> _SUPPLIED MATERIAL_:

==================================================

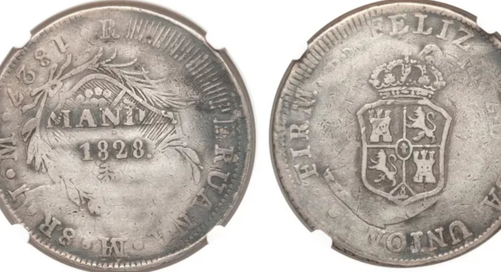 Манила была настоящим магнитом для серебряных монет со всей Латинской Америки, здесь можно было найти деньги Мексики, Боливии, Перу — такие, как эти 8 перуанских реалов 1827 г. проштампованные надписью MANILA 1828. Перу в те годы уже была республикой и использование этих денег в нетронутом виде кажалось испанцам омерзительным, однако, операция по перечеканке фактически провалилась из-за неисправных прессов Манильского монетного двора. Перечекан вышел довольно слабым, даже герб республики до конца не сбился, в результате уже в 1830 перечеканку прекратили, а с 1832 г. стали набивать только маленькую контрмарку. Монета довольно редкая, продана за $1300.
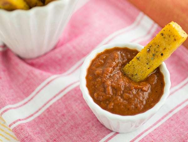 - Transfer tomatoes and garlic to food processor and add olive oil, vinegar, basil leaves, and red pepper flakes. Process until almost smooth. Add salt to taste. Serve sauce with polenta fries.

==================================================

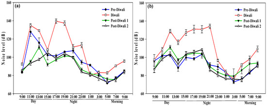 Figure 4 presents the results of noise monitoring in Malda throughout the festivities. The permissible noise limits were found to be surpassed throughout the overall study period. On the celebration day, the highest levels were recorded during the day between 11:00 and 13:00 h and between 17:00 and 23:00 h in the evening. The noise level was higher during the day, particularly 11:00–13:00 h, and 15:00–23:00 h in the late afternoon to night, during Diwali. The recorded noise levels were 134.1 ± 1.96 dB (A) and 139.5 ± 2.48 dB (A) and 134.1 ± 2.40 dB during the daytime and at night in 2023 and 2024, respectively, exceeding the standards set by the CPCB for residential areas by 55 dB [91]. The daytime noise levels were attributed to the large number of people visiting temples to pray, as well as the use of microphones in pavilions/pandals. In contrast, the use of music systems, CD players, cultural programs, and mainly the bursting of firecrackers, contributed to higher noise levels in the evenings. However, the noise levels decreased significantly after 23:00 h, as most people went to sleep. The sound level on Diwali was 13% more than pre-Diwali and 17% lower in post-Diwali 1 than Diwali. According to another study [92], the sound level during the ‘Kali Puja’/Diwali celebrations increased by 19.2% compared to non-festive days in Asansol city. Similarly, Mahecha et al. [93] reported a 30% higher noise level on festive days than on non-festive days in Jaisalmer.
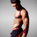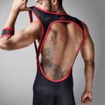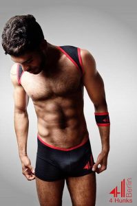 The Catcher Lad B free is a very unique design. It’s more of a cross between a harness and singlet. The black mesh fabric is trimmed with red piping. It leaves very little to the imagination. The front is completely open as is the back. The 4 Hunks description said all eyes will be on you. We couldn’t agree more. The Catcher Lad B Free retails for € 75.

==================================================

> _TASK GOAL_:
Exactly as written above, retype the lines starting at the one holding "Манила была настоящим" and ending at the one holding "- Transfer tomatoes", both included, but not the pictures.

> _PROBLEM SOLUTION_:
 Манила была настоящим магнитом для серебряных монет со всей Латинской Америки, здесь можно было найти деньги Мексики, Боливии, Перу — такие, как эти 8 перуанских реалов 1827 г. проштампованные надписью MANILA 1828. Перу в те годы уже была республикой и использование этих денег в нетронутом виде кажалось испанцам омерзительным, однако, операция по перечеканке фактически провалилась из-за неисправных прессов Манильского монетного двора. Перечекан вышел довольно слабым, даже герб республики до конца не сбился, в результате уже в 1830 перечеканку прекратили, а с 1832 г. стали набивать только маленькую контрмарку. Монета довольно редкая, продана за $1300.
 - Transfer tomatoes and garlic to food processor and add olive oil, vinegar, basil leaves, and red pepper flakes. Process until almost smooth. Add salt to taste. Serve sauce with polenta fries.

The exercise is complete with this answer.